Align With Goals: Metrics should demonstrate clear links to the stated goals of the round.
#### Prevent Overload:
Overwhelming users with data can be as problematic as providing insufficient information. In these situations, aids (LLMs, preference rubrics) should assist decision-making.
#### Support Human Judgment:
In situations where voters are responsible for decisions (DAO TCR vote), metrics should serve as guides rather than final inputs.
## How do Ship Operators Get Paid?
We propose that Ship Operators are paid a fixed percentage of funds that they successfully distribute. In doing so we can ensure the following:
- Ship Operators are incentivized to increase the total amount of funds their Ship receives
- Ship Operators are incentivized to increase the total pool of funding available within Grant Ships
- Funding after distribution incentivizes Ship Operators to ensure project recipients complete their milestones
## How are Ship Operators Selected?
We prefer to let the use-case drive how ships are selected. For DAOs, we generally prefer to have the DAO elect Ship Operators through a pre-defined TCR voting strategy.
However, this is use-case-dependent, and we will ultimately implement what best serves the DAO's voter makeup and constitution.
## How Does this Program Reduce Sell Pressure from SCR?
Simply by not using SCR as a primary vehicle for ecosystem funding, we can reduce the amount of SCR being sold into the market.
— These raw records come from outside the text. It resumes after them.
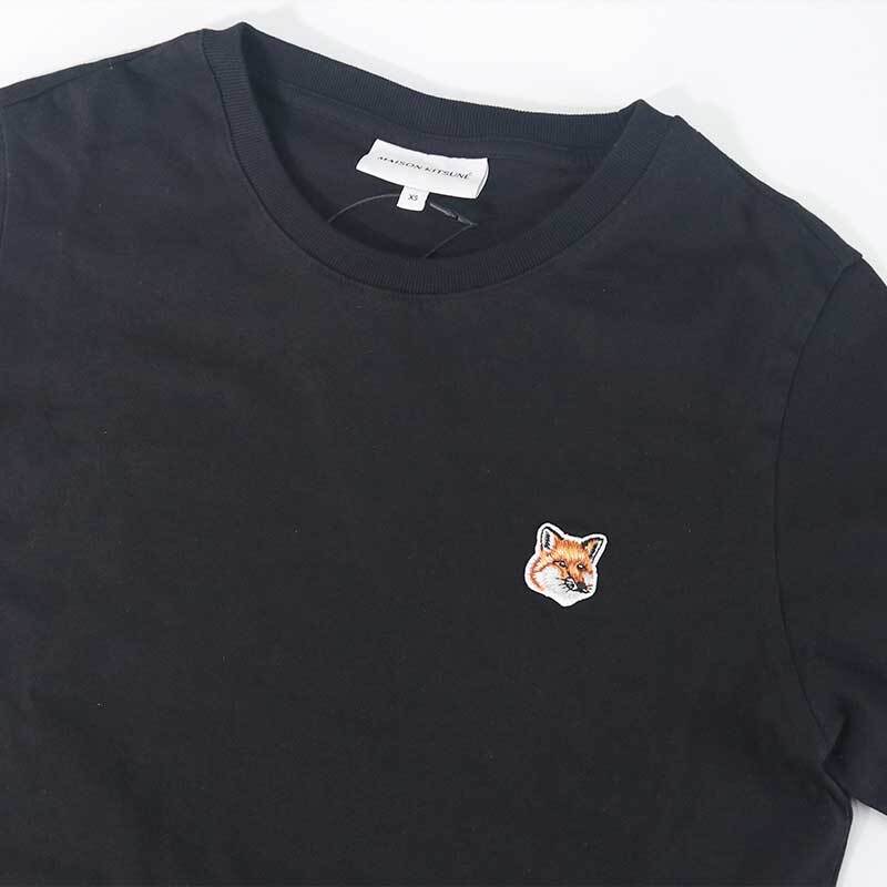 メゾンキツネ MAISON KITSUNE Tシャツ レディース 半袖 FOX HEAD PATCH クルーネック ブラック XS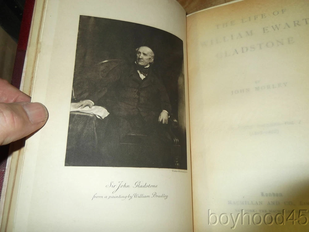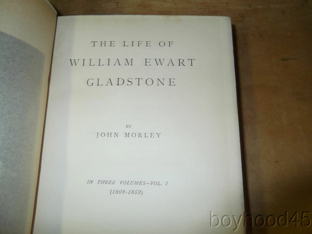 The Life of William Ewart Gladstone by John Morley-3 Vols.-Leather Description The Life of William Ewart Gladstone by John Morley-3 Vols.-Leather I am selling the 3-volume set of "The Life of William Ewart Gladstone" by John Morley. Published by Macmillan and Co. Ltd., London, 1903. It is the First Edition of this noteworthy biography. Bound in half-leather. Books are very clean, tight and show only light, expected wear. Wear primarily noted on corners. There is spotting to page edges as illustrated in my photos--no internal foxing/spotting. There is a personal library bookplate of the former owner, as well an a name and date written on flyleaves. Very Good condition. Books measure 6 X 8 7/8. A few copies of this important work appear on other internet booksites for upwards of $643 for books bound in leather. I will offer this lovely HALF LEATHER SET for only $250.00 plus $8.00 S&H in the US. PLEASE NOTE: SHIPPING FOR THIS 3-VOLUME SET WILL BE $8.00. Shipping costs to Canada will be considerably less than the general international rates quoted. Thanks for shopping mellowpagesrarebooks.com Payment I accept the following forms of payment: PayPal Shipping & Handling I will ship Priority for an additional fee upon request. PLEASE NOTE: SHIPPING COSTS FOR MULTI-VOLUME SETS OR OVERSIZED BOOKS WILL EXCEED THE STANDARD "US SHIPPING" ECONOMY RATE OF $5.00. COST OF SHIPPING OVERSIZED BOOKS OR MULTI-VOLUME SETS ARE SPECIFIED WITHIN THE TEXT OF THE LISTING. Canadian buyers are not subject to stated international shipping costs and will pay less than the amount stated. US Shipping $5.00 USPS Media Mail® International Shipping $85.00 USPS Priority Mail International FREE scheduling, supersized images and templates. Get Vendio Sales Manager. FREE scheduling, supersized images and templates. Get Vendio Sales Manager. Condition Notes: A nice vintage set!! Payment Payment Options: Paypal Shipping Shipping Options: Domestic shipping: Fixed Shipping Charges. International shipping: Fixed Shipping Charges. Shipping Carrier Domestic International Shipping Locations Usps Book Rate $5.00 - - Usps Priority Intl - $85.00 Worldwide I will ship to: United States, Worldwide Vendio provides powerful selling automation for sellers of all sizes. Get business information that counts! - Vendio Counters are active content free.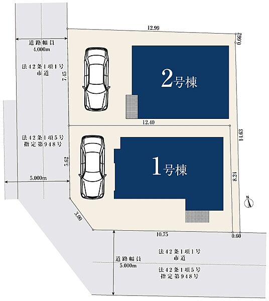 | 駐車場 | 1台(有/1台(1・2号棟)) | 道路の幅員 | 4m~5m |
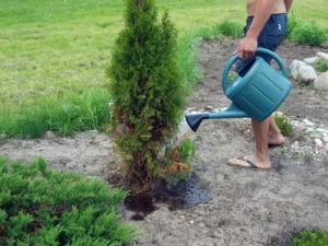 Arrosage régulier vous devez fournir le thuya qui pousse dans la région, qui se caractérise par un automne sec. Avant le début des gelées, l'arrosage doit être particulièrement abondant (irrigation de charge d'eau): les racines seront saturées d'humidité pendant une longue période, un morceau de terre humide gèlera plus longtemps, ce qui sauvera le rhizome des températures de gel, en conséquence, le thuya sera plus résistant aux changements de conditions de température en hiver. Si l'automne est plein de pluies, le conifère n'est pratiquement pas arrosé en plus (sauf pour l'irrigation finale avec remplissage d'eau).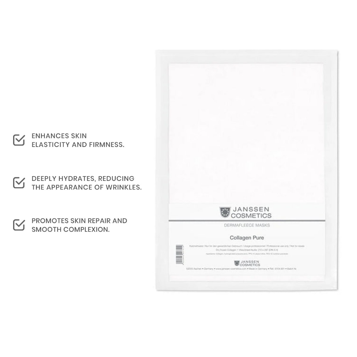Introducing the Janssen Derma Fleece Collagen Sheet Mask, a premium treatment from an extensive range of superior active substance masks. This exceptional collagen sheet mask is manufactured from high-quality collagen of extraordinary purity, treated in a special process to form a unique biomatrix.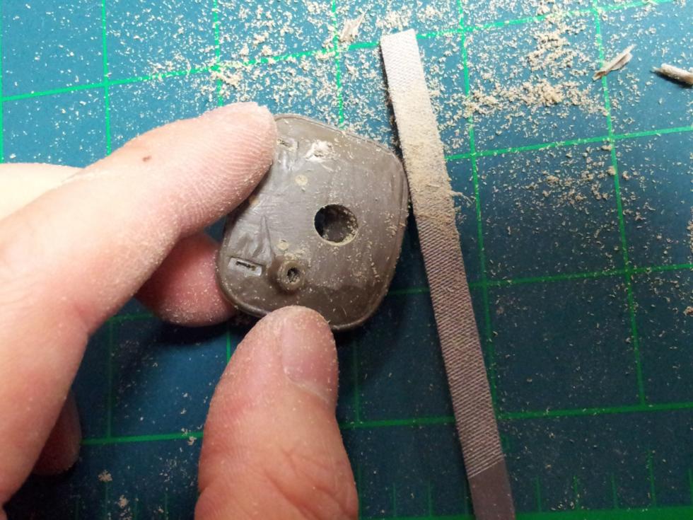 포방패 부분의 몰드가 사라지고 약간 곡면의 부분이 수평이 되도록 마구 갈아냅니다 (사진에는 조준경 부분이 붙어 있는데 작업하다가 저위의 사진처럼 잘라내고 작업했습니다)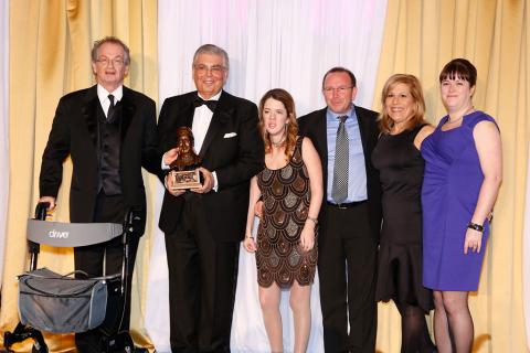 Standardbred Canada Director Richard Veilleux makes the presentation to owners-breeders Al Libfeld and Marvin Katz. Left to right: Al Libfeld, Marvin Katz, Rachel Libfeld, Richard Veilleux, Lynn Katz, Aisling Brewer.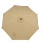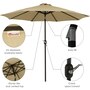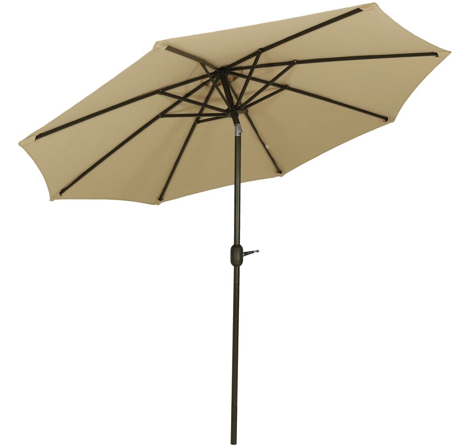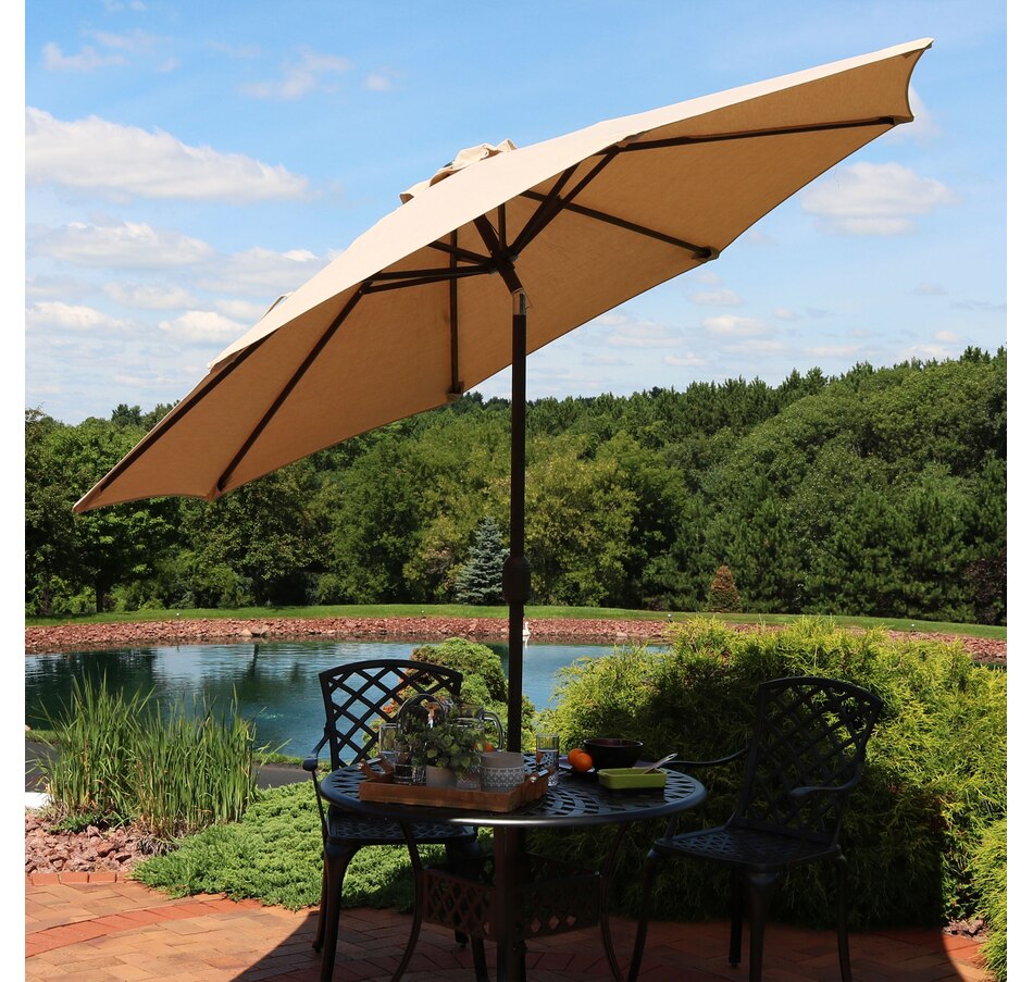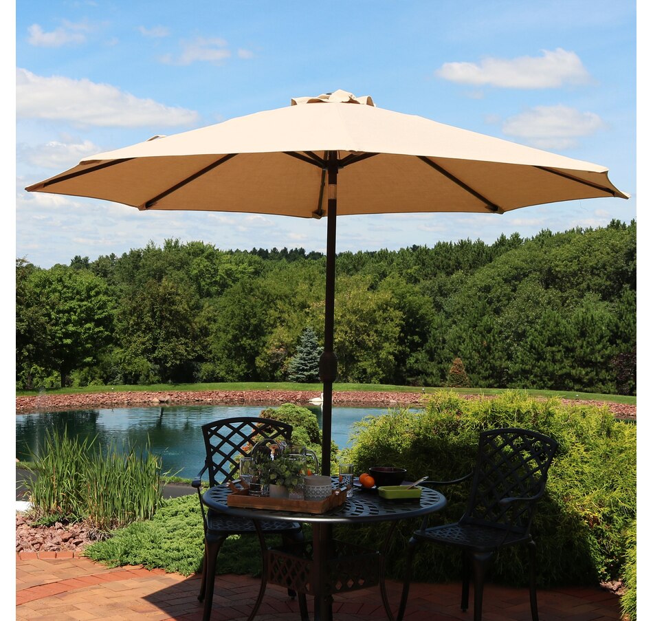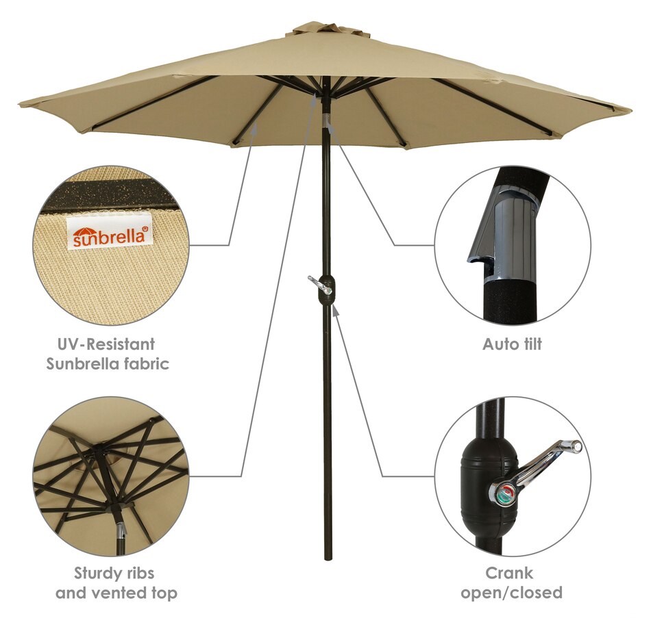 Bring vibrant, functional shade to outdoor spaces with this 9-foot market umbrella. Designed to enhance patios, decks, and backyards, it features a colorful canopy made from premium 220g solution-dyed acrylic Sunbrella fabric, offering fade resistance, UV protection, and water repellency with 2,000-hour color fastness. The rust-resistant, powder-coated aluminum pole and eight aluminum ribs provide lasting durability. The canopy opens smoothly with a crank handle and includes an auto-tilt function—simply continue cranking after fully opening to adjust the angle and maintain shade as the sun moves. A built-in wind vent at the top helps improve airflow and adds stability on breezy days. With a 1.5" diameter pole, this umbrella fits most standard bases and offers ample coverage for tables between 42 and 54 inches, shading 4 to 6 people comfortably. The two-piece construction allows for easy assembly and compact storage, while attached fabric ties keep the canopy neatly secured when closed.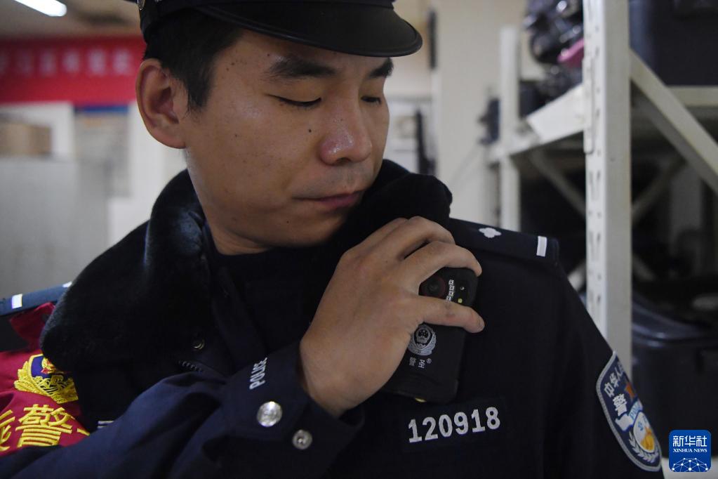 1月9日,白旭偉在值乘前檢查佩戴執(zhí)法記錄儀。新華社記者 陳斌 攝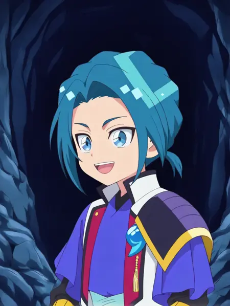 kakeru amabe,blue hair,blue eyes,short hair,ponytail,

However, for this to be sustainable, the ecosystem needs to be aligned with the goal of increasing sequencer revenue as a whole -- which is why incentive alignment is key to this proposal.
## How Does this Program Add Utility For SCR?
The assessment module can include SCR signaling options, giving new options for SCR holders to influence capital allocation within Grant Ships.
This allows token holders to have input on the outcomes within Grant Ships. There are a variety of ways this can be configured, depending on your specific needs. This could incorporate staking, conviction voting, burn incentives, or simple TCR mechanics.
## This all seems complicated, why not do something simpler?
The more distributed and decentralized a system is, the more its rules must be explicitly defined. In centralized grant-giving solutions, the complexity is hidden in the internal political dynamics and decision-making processes of the responsible team.
By providing this structure for a pluralistic approach, we relieve teams of managing a major portion of the complexity by systematizing it, and then allowing them to focus on the equally complex problem domain which is "How to Give Grants Effectively."